Я представила себе его дом: уютную холостяцкую берлогу с пустым холодильником, недомытой чашкой из-под кофе у раковины, скомканным на полу ванной полотенцем. И поняла, что не хочу ЭТО везти в его дом.
Чтобы его стены увидели меня такой…
– Нет, на дачу, – эта идея пришла в голову и, словно электрическая лампочка, озарила мой путь на ближайшие несколько часов. У меня появилась цель. Правда, вместе с озарением пришло и разочарование – ключей от дачи у меня с собой не было. – Только нам придется заехать на работу за запасными ключами.
Он не стал спорить.
Вся дорога до центра – ни одной пробки. Еще не было семи, когда мы оказались на почти опустевшей стоянке бизне-центра, в котором моя туристическая контора занимала несколько кабинетов на третьем этаже.
– Можешь мне свою куртку дать? Вдруг еще не все ушли…

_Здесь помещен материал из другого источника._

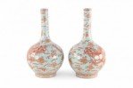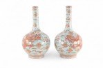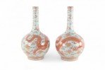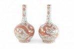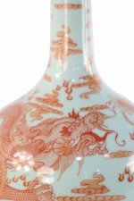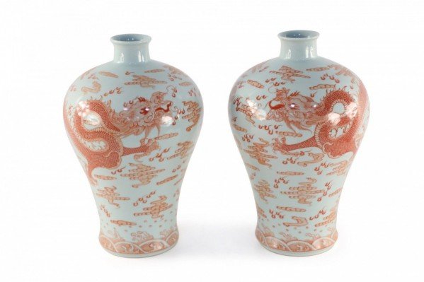 Pair of Chinese Qing Dynasty Style Gray and Alum Red Dragon Motif Porcelain Vases

Руслан стянул с себя куртку, передал мне и покосился на мои босые ступни. Я отмахнулась:
– Дай Бог, не заметят, – и выскочила из машины.
Торопливо пробежав по еще влажному, в здоровых черных лужах, асфальту и на ходу набросив на плечи куртку Руслана, я дернула на себя входную дверь. Та послушно поддалась, пропуская меня внутрь тесного холла: широкие, разноцветные баннеры, указатели пестрели и сбивали с толку – здесь ничего не изменилось с начала моего отпуска.
Заметив, что около лифта никого нет, я юркнула к нему, быстро нажала кнопку вызова и проскочила внутрь, лишь только дверцы скрипнули и разъехались в стороны. Лифт дернулся и потянул меня вверх.
Офис давно опустел. Высокая стойка ресепшн-зоны, за которой днем безраздельно властвовала приветливая Татьяна, сейчас оказалась пуста и поблескивала выставленными рекламными буклетами. Большой кабинет, разбитый легкими прозрачными перегородками на крохотные каморки-соты сотрудников неторопливо погружался в вечерние сумерки. Только в конце коридора на темную ковровую дорожку ложилась узкая полоска света. Это наш бедный нескладный Толик, юрист, в вечно мятых брюках, потрепанной рубашке, с криво повязанным галстуком, опять силился разобраться в ворохе жалоб и претензий.